Separately, Trans Mountain announced Wednesday that construction would restart on the expansion project within a month after it received the required permits. Ottawa has indicated it will sell the pipeline back to private owners after it has “de-risked” the expansion.

Pembina’s deal to buy Kinder Morgan Canada _ including its ownership of the Canadian portion of the Cochin pipeline – is an all-shares deal valued at $2.3 billion including the assumption of preferred shares and outstanding net debt.

In addition, it said it would pay roughly $2.05 billion in cash to purchase the U.S. side of the Cochin pipeline from Kinder Morgan, Inc., which owns 70% of Kinder Morgan Canada.

The Cochin pipeline runs 2,900 kilometres between Fort Saskatchewan, northeast of Edmonton, and Chicago and has a design capacity of up to 110,000 barrels per day.

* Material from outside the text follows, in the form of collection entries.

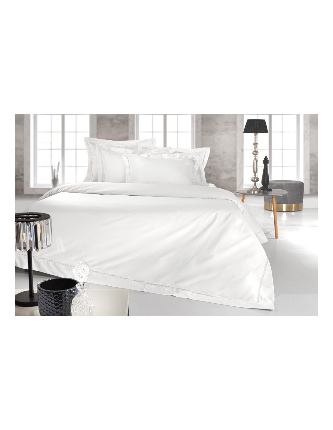 Σετ σεντόνια king size 4 τεμαχίων βαμβακοσατέν με κέντημα guy laroche blend white 270x280
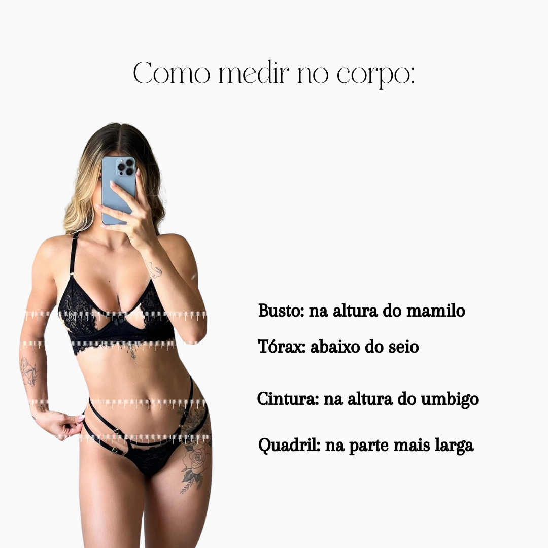 - Robe em tule preto transparente com detalhes em renda, composto por:
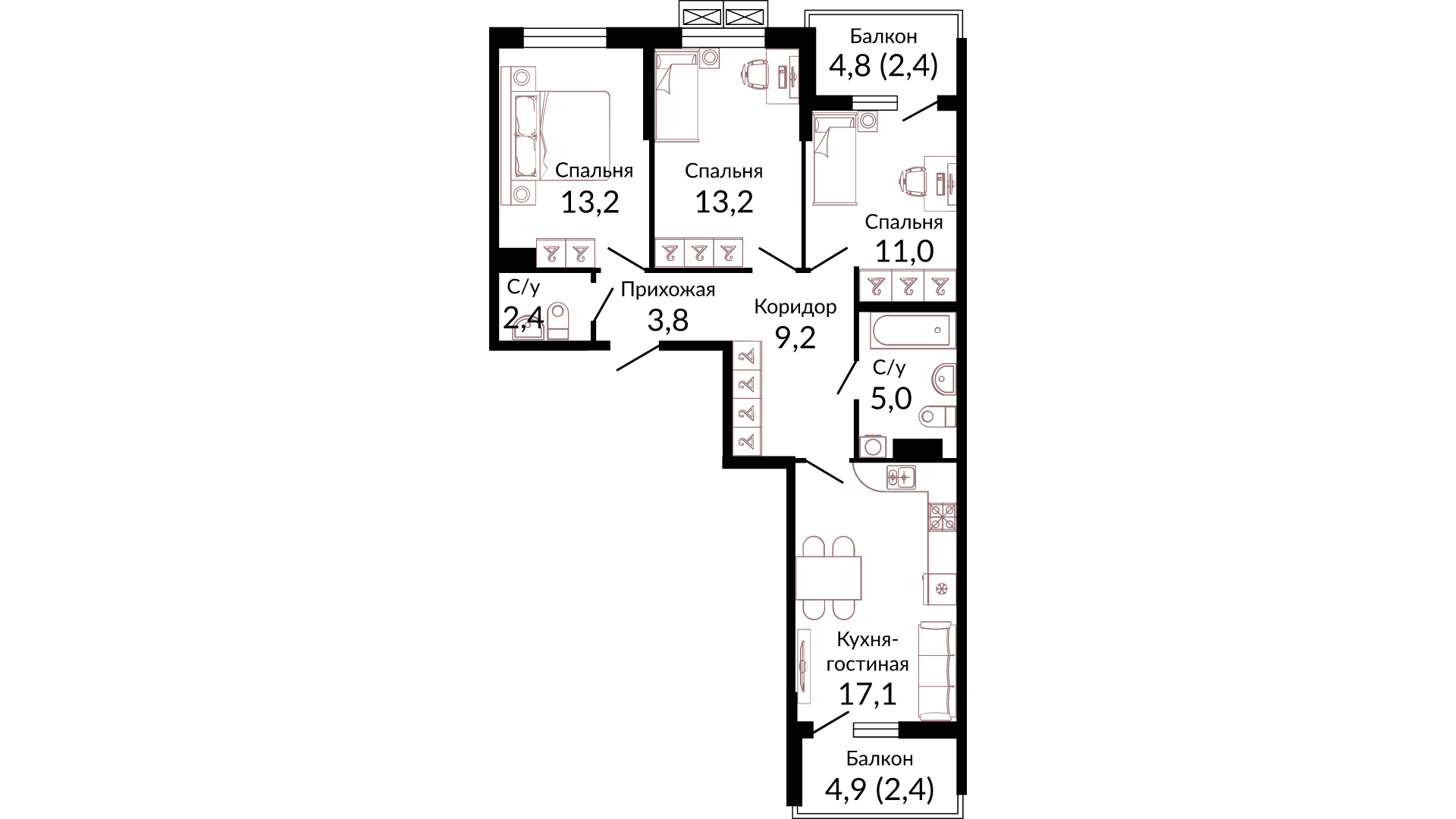 Общая площадь: 79.80м2

It imports into Canada a prized light petroleum called condensate which is used to dilute oilsands bitumen to allow it to flow in a pipeline.

The deal also includes an Edmonton storage and terminal business and Vancouver Wharves, a bulk storage and export-import business.

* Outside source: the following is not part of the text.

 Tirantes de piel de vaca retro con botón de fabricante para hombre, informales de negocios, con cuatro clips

“We believe KML’s assets will be a great fit with Pembina’s business and this transaction is highly beneficial to KML’s shareholders,” said Steve Kean, CEO of both Kinder Morgan Canada and its US-based parent, in a news release.

“This transaction gives KML’s public shareholders the opportunity to participate in a larger and growing platform of North American midstream energy assets.”

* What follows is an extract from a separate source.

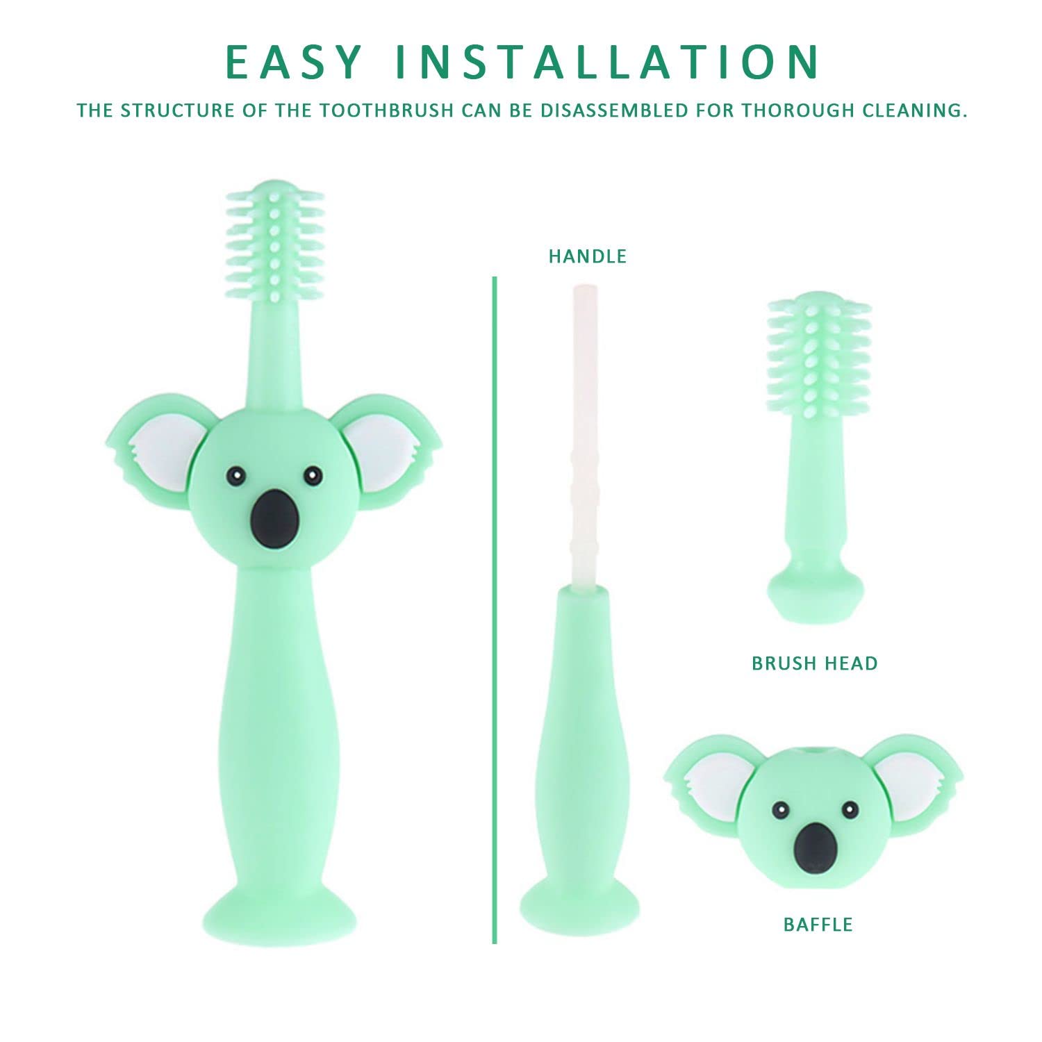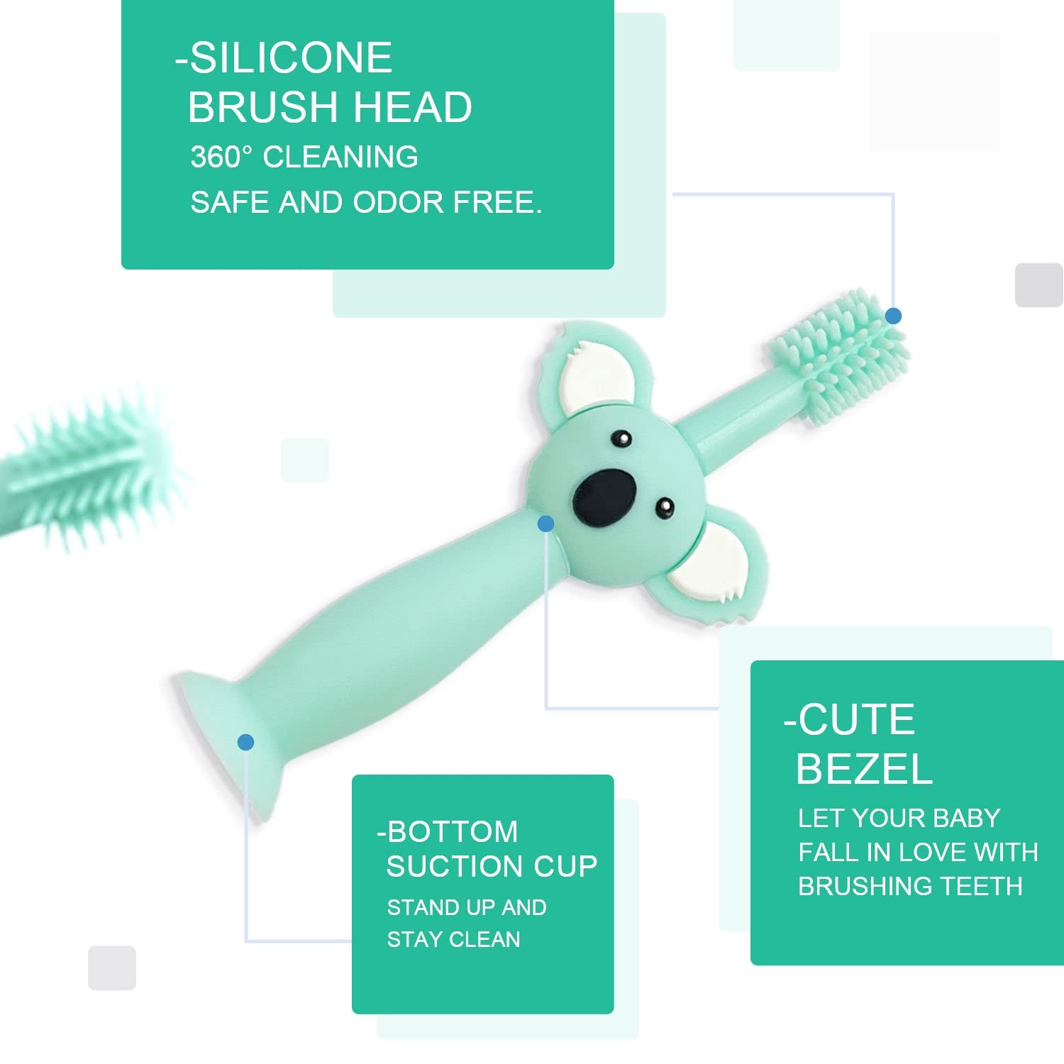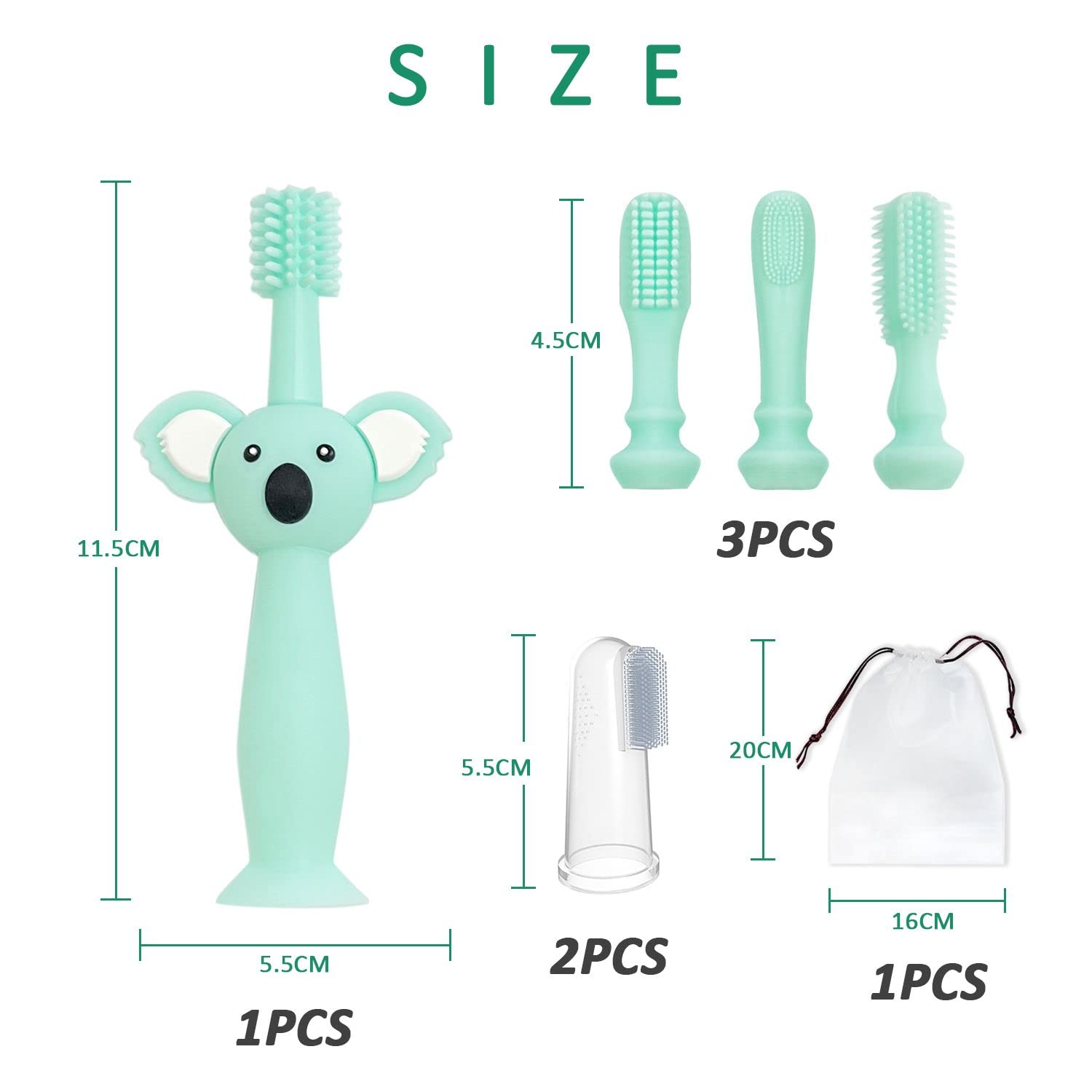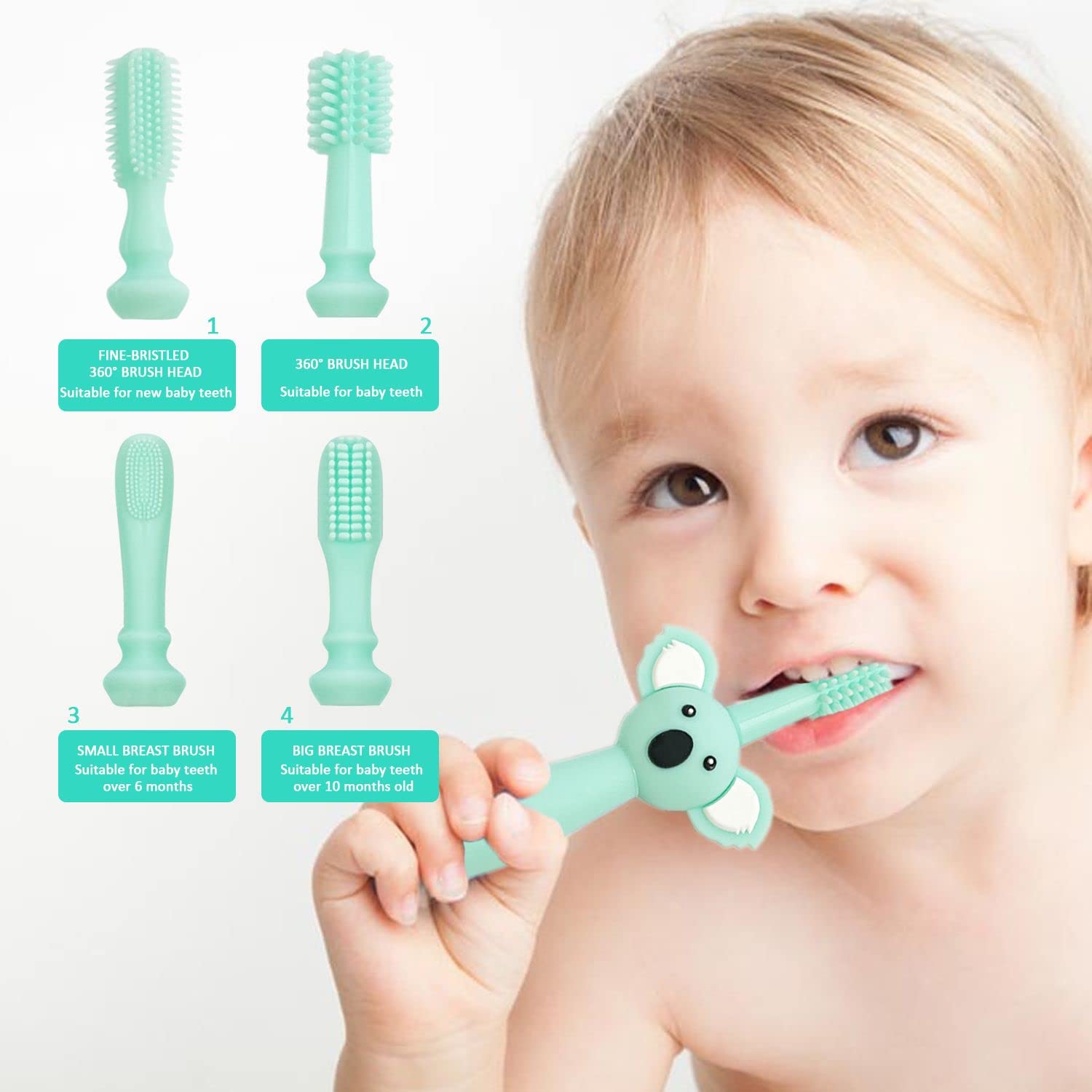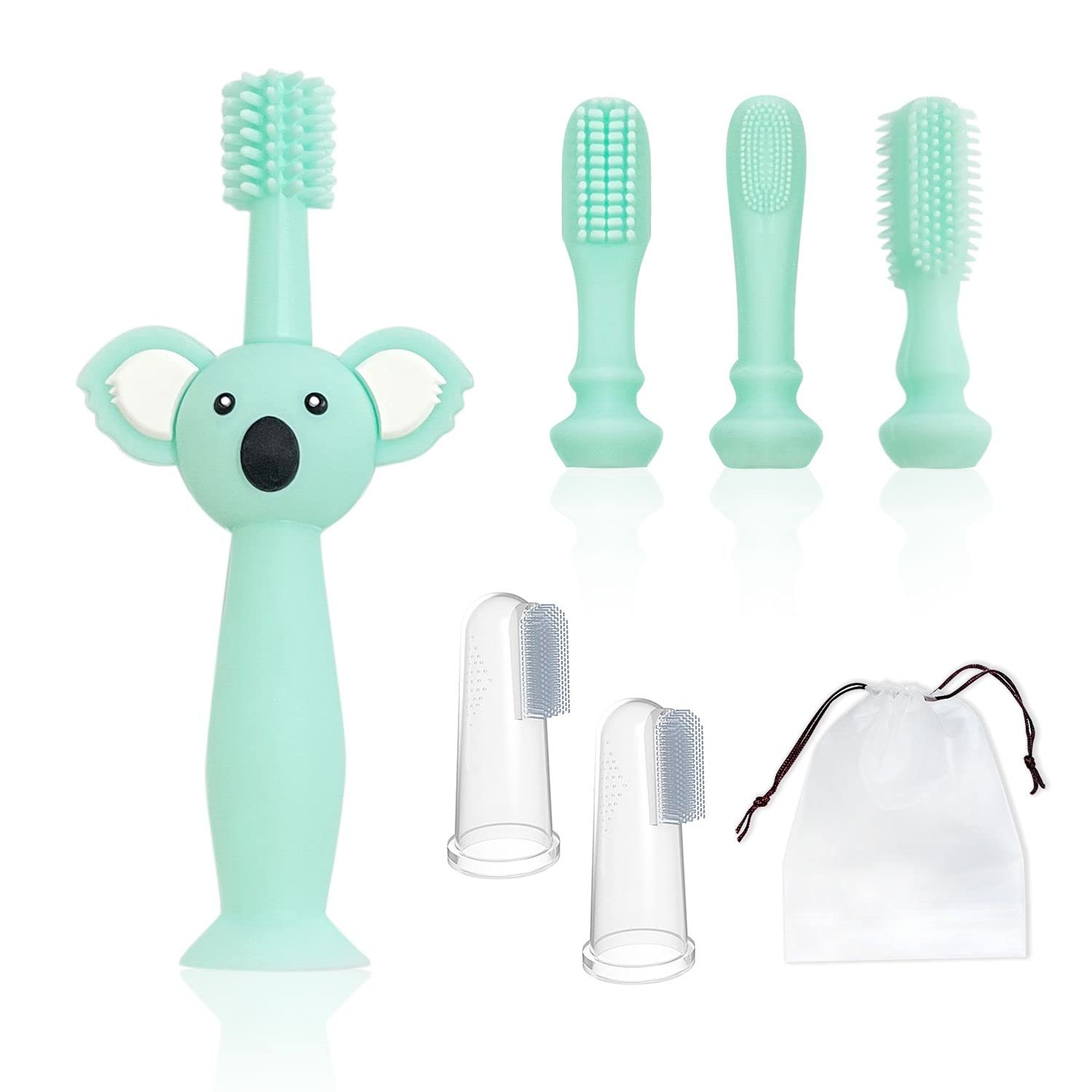1 Stück Cyan-Silikon-Babyzahnbürste mit 4 Köpfen, Zahnfleischmassage-Zahnreinigungszahnbürste und 2 Stück Fingerzahnbürsten und 1 Aufbewahrungstasche

The Cochin pipeline is one of two cross-border condensate import pipelines and it both complements Pembina’s existing condensate infrastructure in Western Canada and further extends the company’s reach into the US, Dilger said on the call.

The pipeline was once used to send propane from Canada into the US, he pointed out, adding Pembina will have the option to reverse the line to export crude oil if demand for condensate ebbs.

It is offering 0.3068 of a Pembina share per Kinder Morgan Canada share and class B unit, thus delivering a 38% premium, the companies said. Kinder Morgan Canada shares were up by about 34 per cent at $14.74 in afternoon trading.